The guard glared at Pangloss. “Nobody said nothin’ to me ’bout any dog, bomb-sniffin’ or otherwise.”

Jason managed a look of surprise. “Really?” He nodded toward a telephone hanging on the wall beside the door. “Why not give Dr. Kamito a call, tell him Jason Peters is here with the dog.”

With one suspicious eye on the tail-wagging Pangloss, W. Smith punched in a three-digit number and grunted into the phone before turning to face Jason. “He says you know the way and for you and the dog to come on up.”

It was clear W. Smith did not approve as man and dog walked across the entrance hall to a single elevator. If ever Pangloss were to break house-training, Jason thought, Lord, let it be now.

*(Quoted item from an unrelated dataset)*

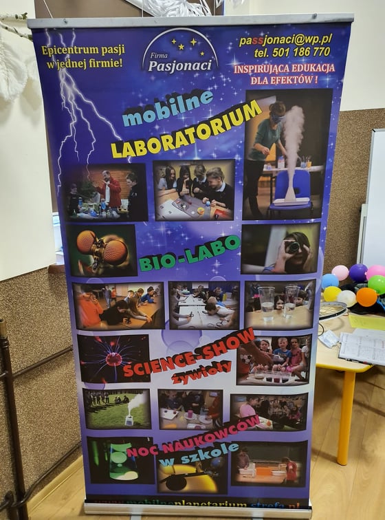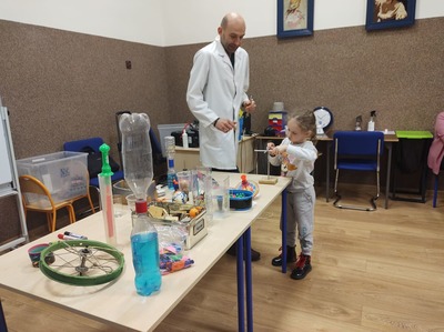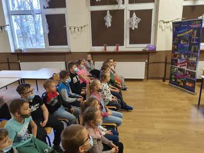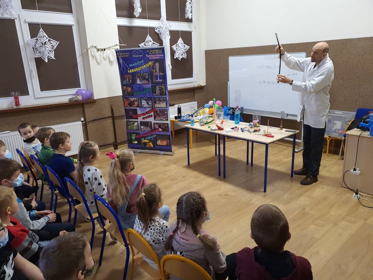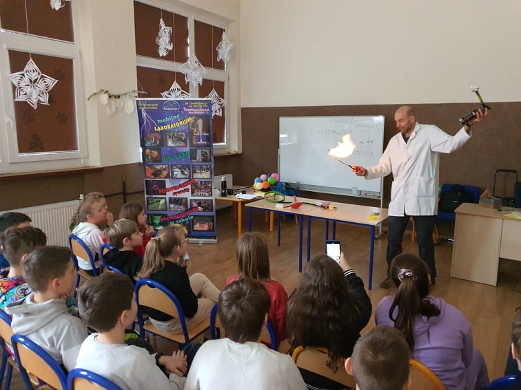 Przedszkolaki oraz uczniowie klas I – IV wzięli dziś udział w niecodziennych zajęciach. Naszą szkołę odwiedził niezwykły człowiek – pan Robert Przybylski z firmy Pasjonaci, który ze swoim laboratorium w bardzo widowiskowy sposób przybliżył dzieciom trudne zagadnienia z fizyki oraz chemii. Dzieci były wprost zachwycone i z wielkim zainteresowaniem obserwowały wszystkie pokazy. Warsztaty miały formę zajęć praktycznych, w czasie których młodzi naukowcy sami wykonywali eksperymenty i doświadczenia. Zajęcia były bardzo fascynujące i wszystkich zachwyciły. Z pewnością udział w żywej lekcji rozbudził wśród uczniów zainteresowanie przedmiotami przyrodniczymi.

Prayers unanswered, Jason stepped into a long hall at the top of the building. He and the dog drew curious stares but no comments from people in white lab coats bent over microscopes, chipping at rocks, or working in a huge chemistry lab.

Unknown to most, the CIA was one of the largest contributors to the Smithsonian, particularly its natural history and aerospace subsidiaries. In return for its generosity, the agency had access to a number of the museum’s scientifically oriented staff on a consulting basis.

For example, who better than a seismologist to predict, as far as predictions were possible, an upheaval of the earth’s surface likely to disrupt or distract an uncooperative government for a few days? Even less known, for example, was the prediction within seventy-two hours of the Afghan-Pakistan-Indian earthquake of October 2005. The resulting destruction and chaos enabled a thorough search for terrorists camps in an area of Pakistan that the United States supposed ally had insisted the Pakistan Army had secured.

Jason had previously used the services of Dr. Ito Kamito, head of the museum’s geology division and a specialist in geochemistry. Two years ago, Narcom had taken a rare job for someone other than the agency. The De Beers consortium of diamond fame was faced with rumors of gems allegedly mined in the Siberian permafrost. Knowledgeable sources told of gems indistinguishable from those of South Africa and half as expensive. The tension in the voice of the De Beers representative indicated that they took the threat very seriously.

The prospect of the loss of a few euros was one of two events that could provoke emotion from a Dutchman. Jason wasn’t sure what the other was.

Posing as an international jewel dealer of shady repute and enormous resources, Jason had managed to smuggle one of the Russian stones from a mine inside the arctic circle and bring it to Dr. Kamito. Within a week he ascertained that the gems were not formed by carbon under intense geological pressure, the definition of diamonds, but were a form of Mesozoic era glacially ground glass with the same weight and spectrographic properties as the real thing.

The De Beers company expressed its gratitude by paying Nacom’s bill promptly and without haggle, perhaps a first for the diamond consortium.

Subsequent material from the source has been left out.